Des journées qui éprouvent les contrastes géologiques et interdisciplinaires

par Jean- Guillaume Bordes
Déjà ancrée dans une manière de faire, Marcher depuis la nuit des temps a organisé plusieurs rencontres au printemps 2025.
Le 12 mai, un séminaire accueilli par le théâtre d’Aymare a d’abord contribué à solidifier le réseau de Marcher depuis la nuit des temps.
Puis, du 13 au 17 mai, Marcher depuis la nuit des temps a été invité à participer à la Fête des Amis du Piage – une association de passionnés d’archéologie agrégés autour de la fouille de ce gisement contemporain de la grotte Chauvet. A cette occasion, une marche de quatre jours avant la fête, a été expérimentée entre les grottes du Pech Merle et de Cougnac, tout au long des causses et des pechs.
En plus d’avoir permis, comme à l’accoutumée, des rencontres porteuses d’avenir, cette marche a consisté à relier deux grottes ornées paléolithiques contemporaines, dont les peintures datent de 30 000 ans.
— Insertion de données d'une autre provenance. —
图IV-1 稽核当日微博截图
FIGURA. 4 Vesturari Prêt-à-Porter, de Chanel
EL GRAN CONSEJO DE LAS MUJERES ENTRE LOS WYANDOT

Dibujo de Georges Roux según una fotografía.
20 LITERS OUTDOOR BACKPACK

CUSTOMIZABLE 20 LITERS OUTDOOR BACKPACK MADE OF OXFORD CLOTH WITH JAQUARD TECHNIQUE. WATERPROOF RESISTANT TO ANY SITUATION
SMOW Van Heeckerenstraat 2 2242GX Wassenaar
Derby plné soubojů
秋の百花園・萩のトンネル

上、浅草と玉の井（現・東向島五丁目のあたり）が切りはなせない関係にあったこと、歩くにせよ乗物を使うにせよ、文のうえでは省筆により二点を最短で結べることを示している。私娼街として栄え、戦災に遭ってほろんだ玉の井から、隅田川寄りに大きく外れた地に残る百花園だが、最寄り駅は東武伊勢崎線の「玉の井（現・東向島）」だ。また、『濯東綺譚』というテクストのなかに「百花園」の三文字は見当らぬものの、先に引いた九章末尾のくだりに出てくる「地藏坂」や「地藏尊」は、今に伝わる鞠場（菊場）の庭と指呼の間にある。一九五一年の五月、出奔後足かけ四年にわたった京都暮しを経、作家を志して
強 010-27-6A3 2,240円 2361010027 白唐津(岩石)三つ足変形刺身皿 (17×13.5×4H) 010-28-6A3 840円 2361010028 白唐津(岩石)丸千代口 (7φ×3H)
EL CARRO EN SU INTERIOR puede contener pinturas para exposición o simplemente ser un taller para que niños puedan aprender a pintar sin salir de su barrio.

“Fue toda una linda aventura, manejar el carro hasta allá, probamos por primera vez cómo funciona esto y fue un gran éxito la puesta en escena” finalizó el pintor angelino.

Les conservateurs de ces sanctuaires ornés nous ont accompagnés au long du chemin.
Parcourir les dolines et longer les murets de pierres sèches a aussi donné à éprouver le contraste fort entre les deux domaines géologiques qui, respectivement, constituent l’écrin de ces deux grottes : le Jurassique pour Pech Merle, le Crétacé pour Cougnac ; le désert et le pays de cocagne ; la rudesse et les agapes. Le périple a été conté aux habitants de l’éco-hameau d’Andral, qui nous ont accueillis pour une nuit. A l’arrivée à Cougnac, d’autres préhistoriens et passionnés nous ont rejoints pour une visite de la grotte suivie par une profonde causerie, resserrant encore les liens avec, et entre, ces lieux emblématiques.
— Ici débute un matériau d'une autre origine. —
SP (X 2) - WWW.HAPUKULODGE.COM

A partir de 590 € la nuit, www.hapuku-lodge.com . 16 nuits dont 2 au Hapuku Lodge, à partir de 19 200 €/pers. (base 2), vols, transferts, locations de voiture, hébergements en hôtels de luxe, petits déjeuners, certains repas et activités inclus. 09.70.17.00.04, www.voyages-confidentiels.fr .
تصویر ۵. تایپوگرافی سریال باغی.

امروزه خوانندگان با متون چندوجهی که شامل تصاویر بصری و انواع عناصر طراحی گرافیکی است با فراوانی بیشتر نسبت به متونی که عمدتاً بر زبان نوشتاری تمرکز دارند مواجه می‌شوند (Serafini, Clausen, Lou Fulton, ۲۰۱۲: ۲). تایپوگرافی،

Ce véritable « chéminaire » qui ouvre de belles perspectives pour Marcher depuis la nuit des temps a préfiguré la fête du lendemain. En effet, le matin de la fête, nous avons entraîné plus de 70 personnes hors des chemins, afin d’explorer la cuesta coniacienne, une particularité géologique qui a fait du Piage un site important, déjà, pour les paléolithiques. Cette balade conférence a été rythmée par des musiciens locaux, des archéologues, mais aussi des chasseurs du présent comme du passé, qui nous ont parlé des mœurs des animaux sauvages, et des moyens que l’Homme, depuis la nuit des temps et jusqu’à aujourd’hui, a déployé pour s’en emparer.
Cette nouvelle manière de conjuguer marche et rencontres a permis de faire participer un plus large public qu’à l’accoutumée. Ce qui confirme, s’il en était encore besoin, à quel point un tel projet continue de soulever des imaginaires hors du commun.